One of King’s most sophisticated structural techniques — one that looks, deceptively, like mere atmospheric texture — is the planted detail. The thing mentioned in chapter two that returns, transformed and terrible, in chapter twenty-two. The seemingly throwaway character trait that becomes the hinge on which the entire climax swings. The wasps’ nest in The Shining. The sewer drain in It.

This is not accidental. This is the work of a writer who, even without a formal outline, is always thinking forward — planting promises in his readers’ subconscious that the story will eventually fulfill. King has spoken about the importance of revision for exactly this reason: the first draft is written fast and free, a discovery mission, a dig. The second draft is where he connects the underground rivers — where the planted details are deliberately deepened, where the promises are made more precise, where the fossils are cleaned and properly displayed.

The takeaway for developing writers: give yourself permission to write a messy, exploratory first draft. But then return as a structural architect. Find the promises your story made by accident and fulfill them on purpose. Find the echoes and amplify them. The structure can be retrospective — it doesn’t have to precede the draft. It can emerge from it.


The Draft Written in Darkness: Speed, Silence, and the First-Draft Rule

King is famously, ferociously fast in first drafts. He aims for 2,000 words a day, minimum. He doesn’t show drafts to anyone. He doesn’t revise mid-stream. He keeps the door closed — metaphorically and physically — between himself and the outside world’s opinions. And he finishes before he loses the dream.

This discipline is itself a structural decision. Writing fast prevents the internal editor from strangling the creative instinct in its cradle. Writing in isolation prevents the diffusion of narrative energy that comes from explaining your story to others before it’s found its form. The speed maintains the dream’s coherence — keeps you close enough to the subconscious source that the story’s logic remains intuitive rather than intellectualized.

For the aspiring novelist, this is perhaps King’s most actionable gift: finish your first draft before you judge it. Don’t outline it to death before you begin. Don’t workshop it before it’s whole. Don’t rewrite chapter one seventeen times while chapter twenty waits, unborn. Write toward the end. Trust the situation. Trust the characters. Trust that structure will be revealed in revision like a face emerging from fog.
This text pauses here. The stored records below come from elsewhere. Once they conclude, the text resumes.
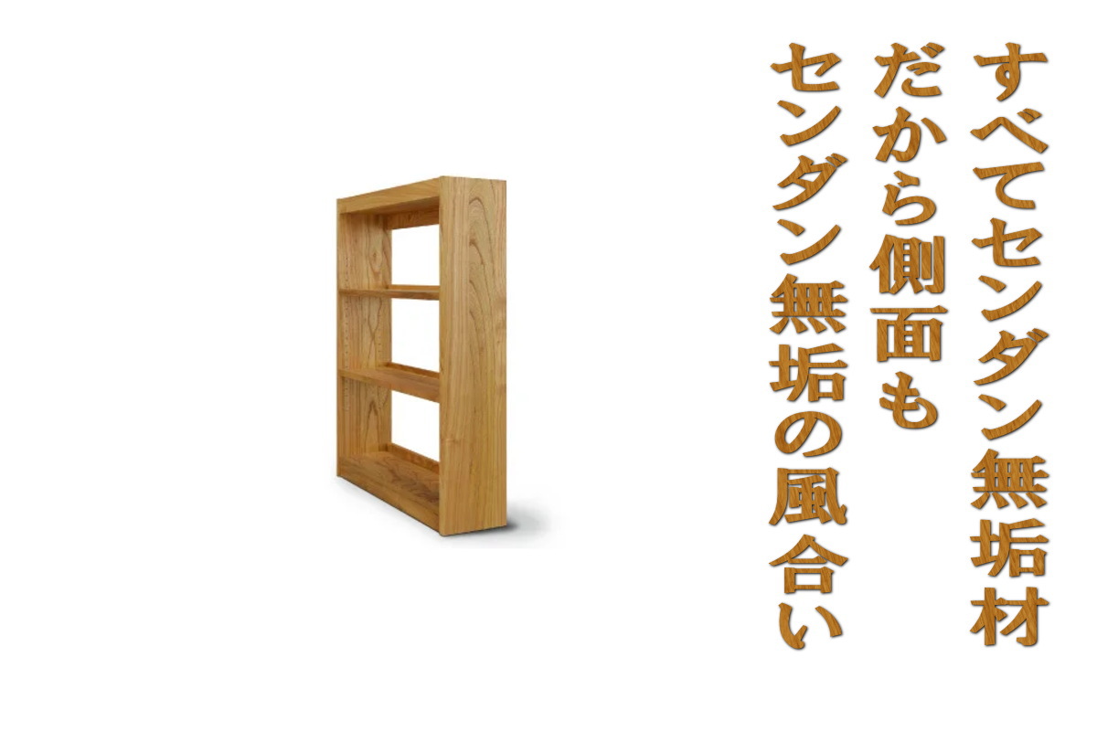 この本棚は背板以外はすべてセンダン材の無垢材を使用しています。
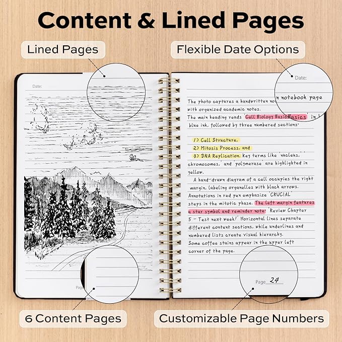 - Hardcover Spiral Journal: Lined Spiral Journal Notebook features a high-quality waterproof leather cover with excellent durability and waterproof function, effectively protecting the inner pages from damage, while the rounded corner design provides comfortable handling and an elegant appearance.
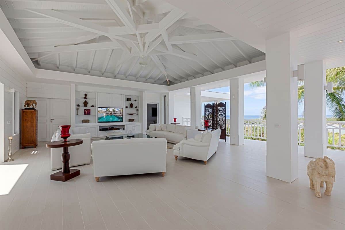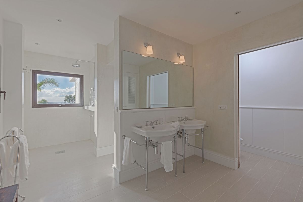 A grand staircase leads from the main level to an extensive terrace featuring a large infinity pool and a shaded gazebo. The outdoor dining and lounge areas are furnished with pieces by Paola Lenti and Tribu, offering the perfect setting for relaxing, entertaining, or enjoying the Caribbean sunset. The pool terrace also provides direct access to four of the villa’s bedroom suites, ensuring that every room has a close connection to the outdoors. With its combination of luxurious amenities, open-air spaces, and breathtaking views, Villa Always is an exceptional Caribbean retreat.
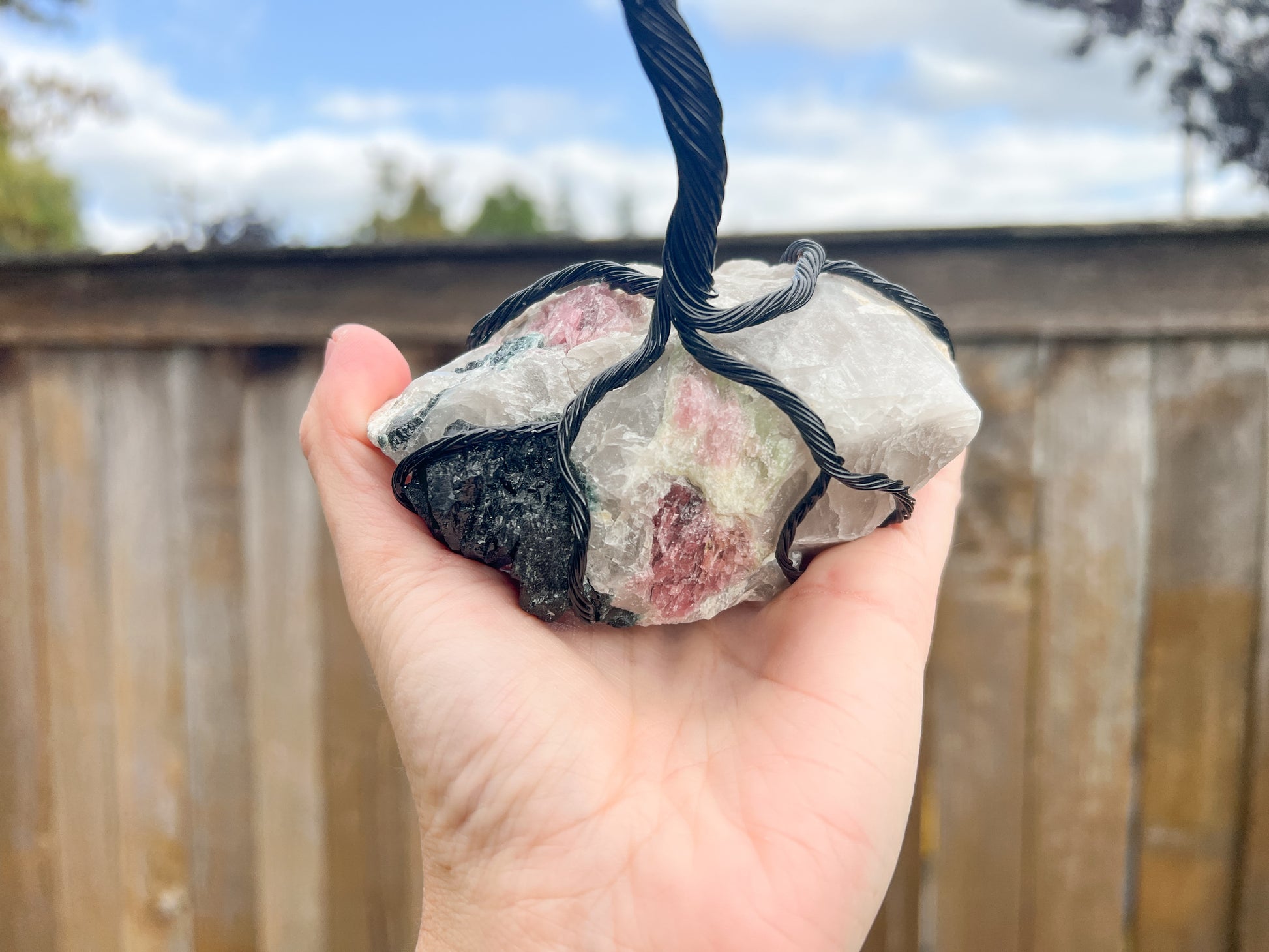Rooted in a tourmaline in matrix base, a stone of protection and grounding to balance Aries’ dynamic fire, and finished with bold black wire to honor the fire element, this piece embodies strength and passion. A meaningful gift or display for anyone born under Aries or drawn to its empowering energy.
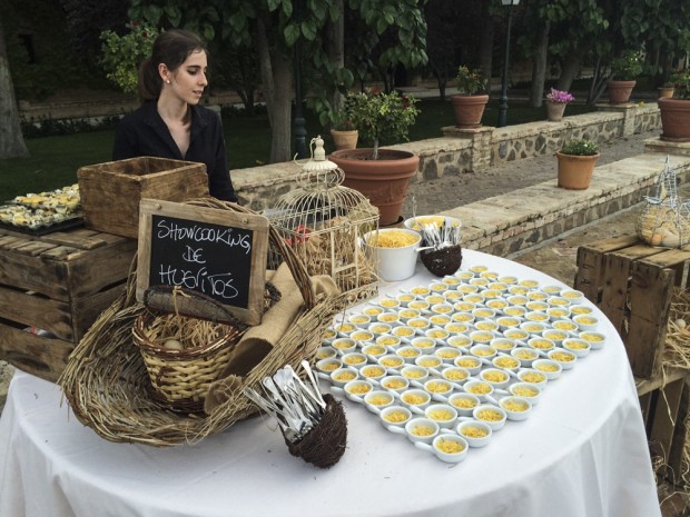 Como ya sabéis otra de nuestras grandes apuestas de esta temporada son nuestros puestecitos y bodegones en showcooking, que en esta ocasión Estela y Javier decidieron que fuera de huevitos trufados con patatas paja.
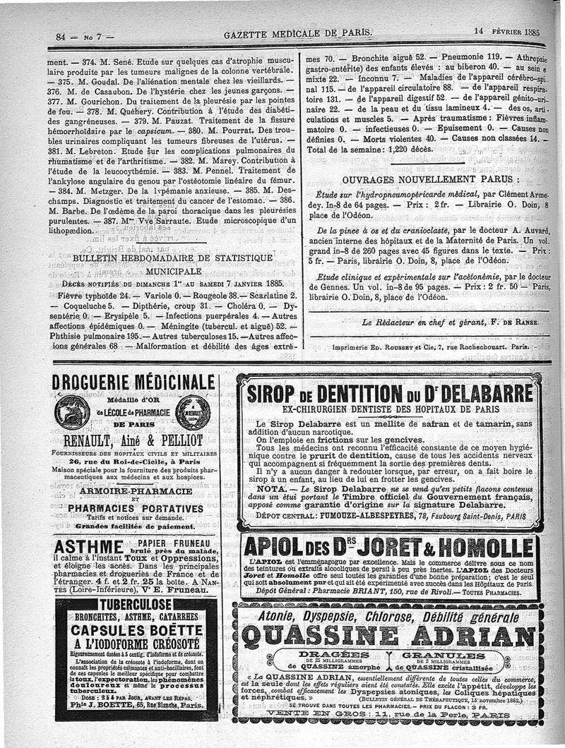 1885, série 7, n° 02. -

What King Actually Does: A Synthesis

So here, finally, is the honest map of King’s method — the outline that isn’t called an outline but functions as one nonetheless. He begins with a situation — charged, conflicted, irresolvable by safe means. He peoples that situation with characters whose inner contradictions will generate external conflict. He writes fast and free, allowing character to pull plot forward, trusting his internalized sense of dramatic rhythm to shape the escalation. He revises with structural intention — connecting planted details, deepening promises, trimming the excesses of discovery. And he ends, always, with the most extreme consequence the situation could produce.

It is not chaos. It is controlled wildness — the difference between a bonfire and a wildfire. The structure is real. It’s simply carried internally rather than externally, felt rather than charted, discovered rather than designed.


The Real Lesson: Write Toward Understanding

The deepest, darkest, most durable thing King has to teach younger writers isn’t about outlining at all. It’s about trust. Trust in the process. Trust that the fossil is there beneath the surface, waiting for your particular shovel and your particular patience. Trust that if the situation is right, and the characters are real, and you write toward the truth of what these people would do in this impossible place — the structure will find you.

Outline if you must. Pantser if you dare. But know this: whichever path you walk into the dark woods of your novel, you’ll need the same things King carries. A situation that crackles with contained catastrophe.

Characters whose contradictions are more interesting than your plot. A willingness to follow the story into the places that frighten you. And the discipline — daily, devotional, dogged — to keep digging until the fossil is free.

The bones are there. They always were. Start digging.